But man, screencasts will date fast. I learned a lot from [Node
Tuts]([http://nodetuts.com/](http://nodetuts.com/)), like how to use expressJS
and MongoDB using Mongoose. Now all those contents are gone (well not
technically, I saved them somewhere and it's still on Vimeo - but the
tutorials are basically wrong). Don't get me wrong, I'm very grateful for the
tuts, I can pickup Mongoose today, and have no problem adapting.

For those new to the platform, there's nothing more frustrating than spending
30-60 minutes watching a few videos, then follow the instructions down to a T
and failed.

------
ScottWhigham
I don't know if what we do is technically "screencasts" but it's still in that
vein -

[http://www.learnitfirst.com/](http://www.learnitfirst.com/)

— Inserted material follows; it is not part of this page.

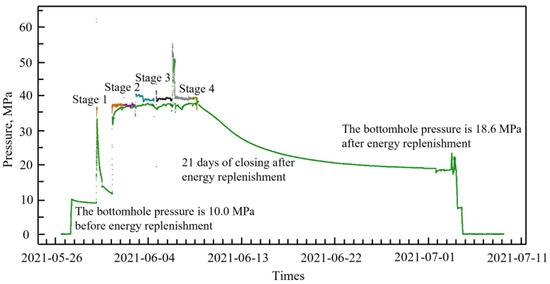 With the continued production of the old wells, the relatively rapid depletion of energy in the formation resulted in increased difficulty in stabilizing production, even though some measures were adopted [27]. To address this challenge, this study presents an innovative integrated energy replenishment strategy that encompasses pre-fracturing energy supplementation, fracturing energy enhancement, and post-fracturing energy supplementation. During the stage of pre-pressurization energy replenishment, 8000–10,000 m3 of fluid is injected into the horizontal wells, while 2000–3000 m3 is replenished into the directional wells. This intervention aims to restore formation pressure to over 95% of its original level. Subsequently, in the energy increase phase, rapid injection of fracturing fluid and high-pressure fluid elevates the pressure within the fracture–matrix system, thereby increasing the formation pressure to exceed 120% of its initial value. To illustrate the effectiveness of this approach, the CP52-11 horizontal well needs to be considered. When the cumulative volume of fracturing fluid reaches 8000 m3 during pre-fracturing energy supplementation, the formation pressure returns to 95% of its original level. Furthermore, upon reaching 20,000 m3 in the fracturing energy enhancement stage, the formation pressure rises to 121% (Figure 13). The final stage involves post-fracturing energy supplementation, during which formation pressure redistributes, and oil and water undergo complete exchange. For instance, the well QP22, with a horizontal section length of 744 m, has a cumulative replenishment of 10,000 m3 of energy before repetitive fracturing, and then the formation pressure level rises from 63.2% to 103.8% (Figure 14). After repeated fracturing, the well is shut in for 21 days, the pressure dissipates fully, the formation pressure redistributes, and the oil and water are replaced fully. After an additional 21 days of shut in, the seepage absorption reaches equilibrium, and the pressure change is no longer noticeable.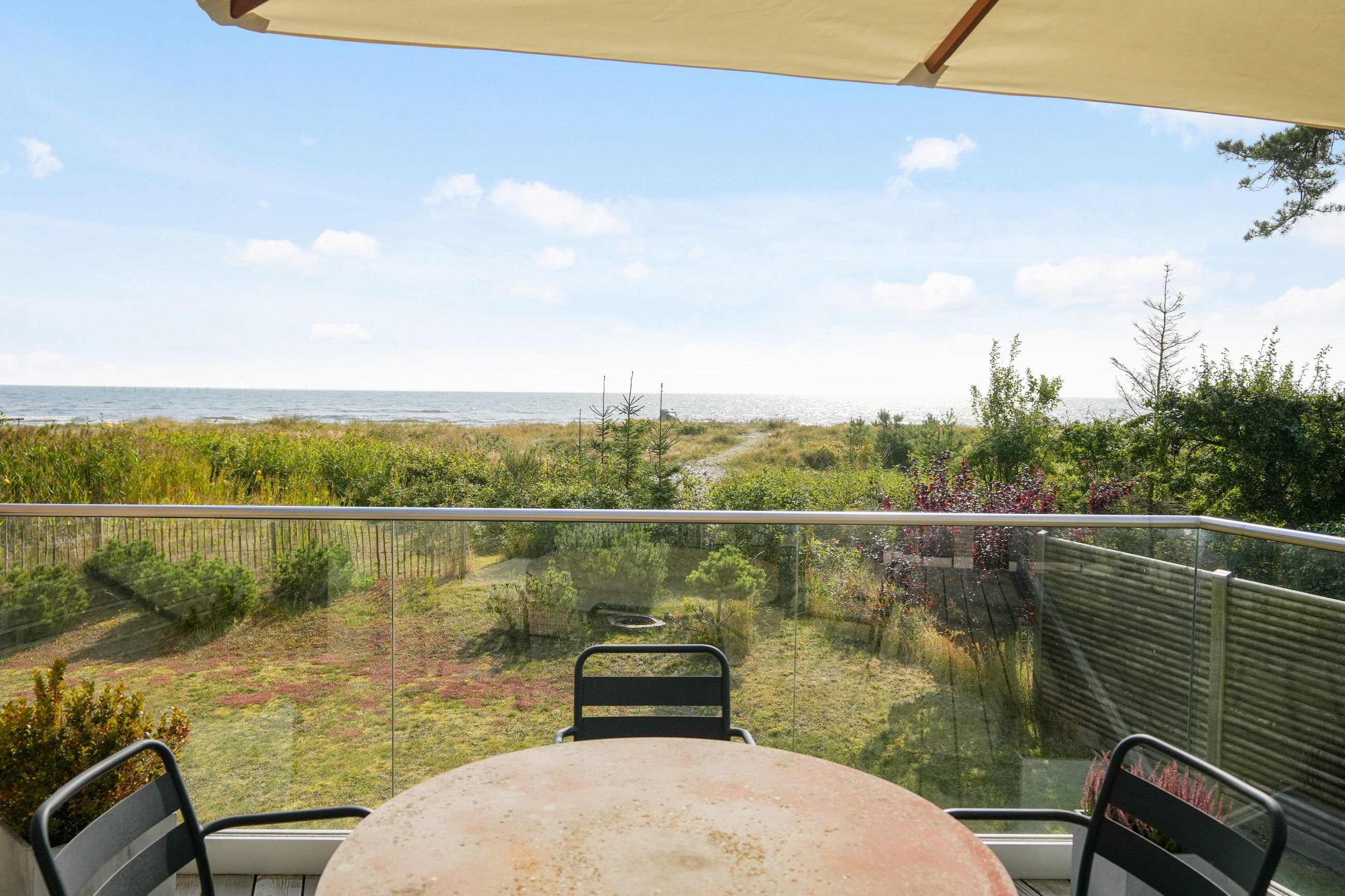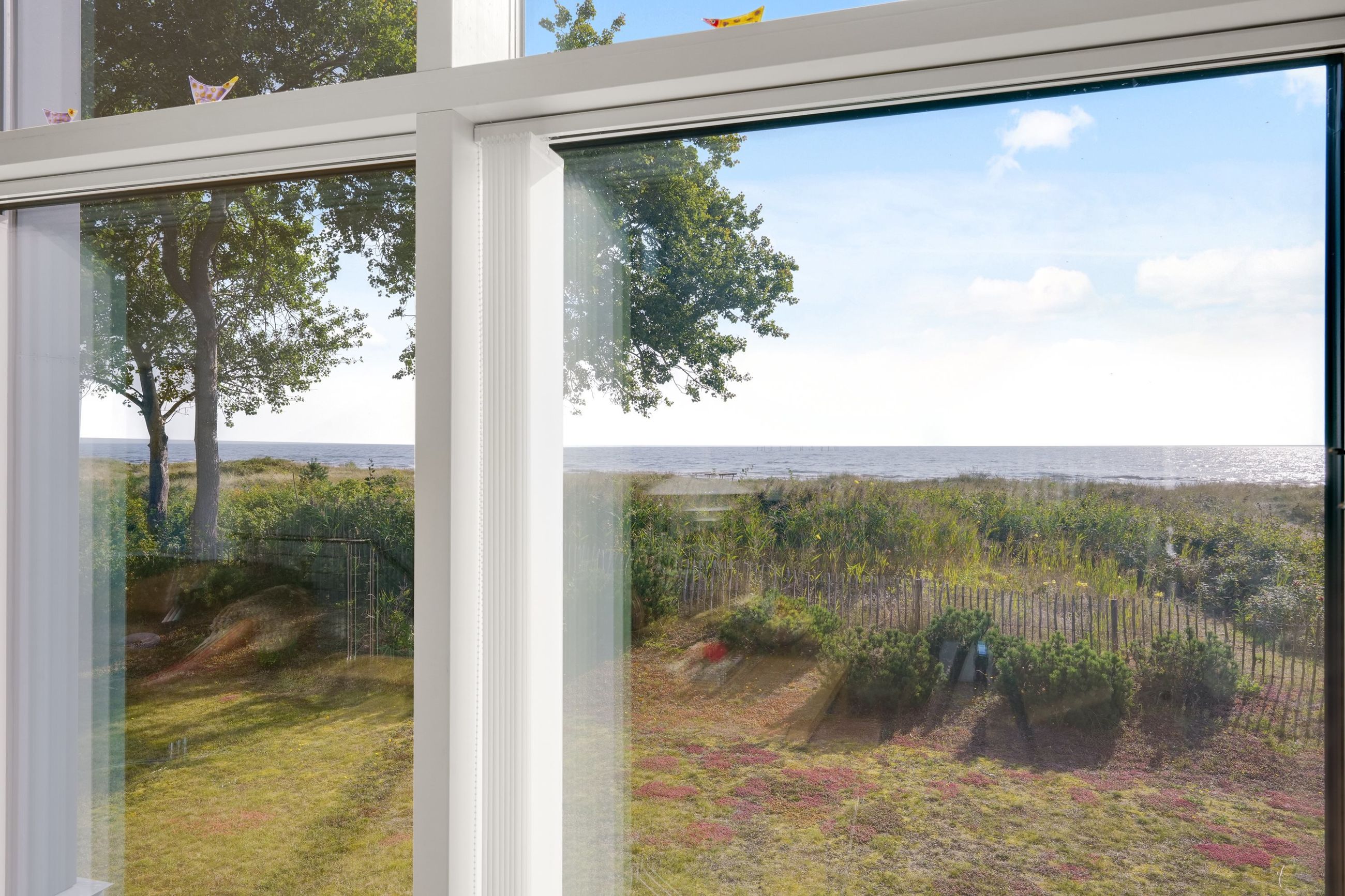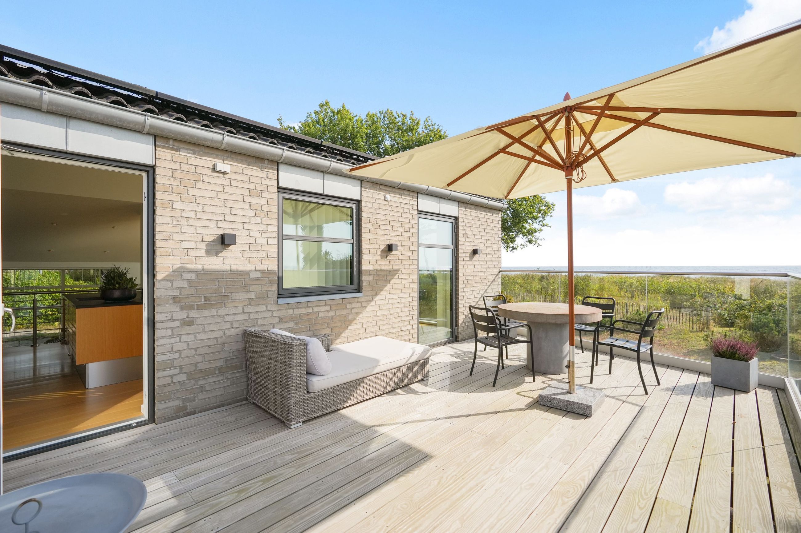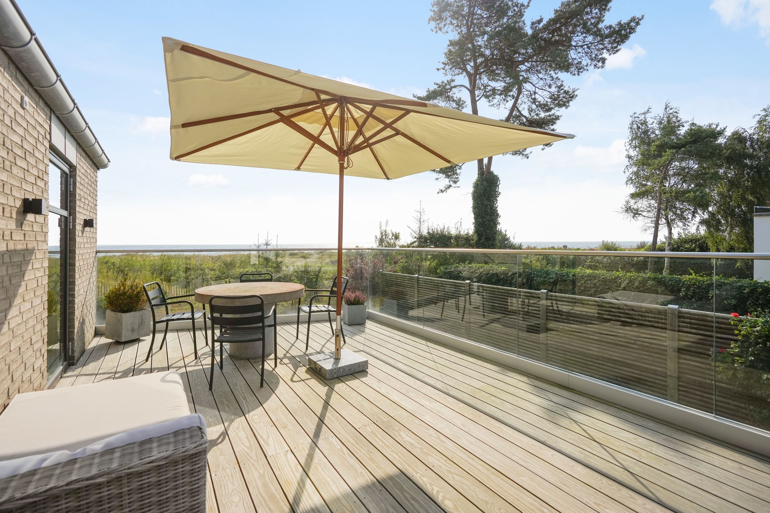 Fra terrassen møder blikket horisonten – udsigten strækker sig fra Københavns tårne i nord til bøgeskoven i syd, og midt imellem ligger havet, åbent og uforstyrret. Her, på den bedste badestrand langs bugten, er sandet fint og vandet klart, og du kan tage morgendukkerten direkte fra stranden eller glide ud på paddleboardet, mens solen står op over vandet. Naturgrunden flyder ud i det fredede strandareal, hvor marehalm, strandgræs og sand tager over. Den store sydvendte terrasse i Keybony – et bæredygtigt, varmebehandlet træ med gylden glød – strækker sig mod det åbne blå. Et uderum skabt til både sol og læ og hvor duften af saltvandet hænger i luften. Plads til liggestole, lounge og de lange middage under himlen. Duften af saltvand blander sig med lyden af bølger, mens aftensolen maler himlen gylden. Her findes også udekøkken og udendørsbruser med varmt og koldt vand – luksus på den mest naturlige måde. Flotte naturfliser i forhaven og den murede garage med værksted giver god plads til bilen og en ordentlig plads til alt det praktiske – og en ankomst, der føles rolig, ordnet og harmonisk.

I do the SQL Server relational and multidimensional videos - we do full-blown
courses that are roughly equivalent to a 5-7 day in-person course so it's not
quite the same, I guess.

------
TallboyOne
I love some of these, It's like a constant feed of live coding.

More here:
[http://pineapple.io/resources/tagged/screencasts](http://pineapple.io/resources/tagged/screencasts)

------
darylfritz
I wish there was some indication of which ones were free, freemium, paid, etc.

------
gkop
Avdi, love the tapas! :) What do you think about collaborating with some of
the other wonderful content creators on this list to bundle, say, "Any 5 for
$30"?

------
wmat
A rather large amount of videos and screencasts can be found at ShowMeDo:
[http://showmedo.com/](http://showmedo.com/)

------
gol706
Does anybody know of any resources for Android? I've watched some Google IO
presentations but all of the intro level ones are ancient at this point.

------
speg
I'd love something for Go. I'm not sure why but I'm having trouble figuring
out what to use it for.

------
BMarkmann
Anyone have any recommendations for the best software for creating screencasts
like these in Windows and Linux?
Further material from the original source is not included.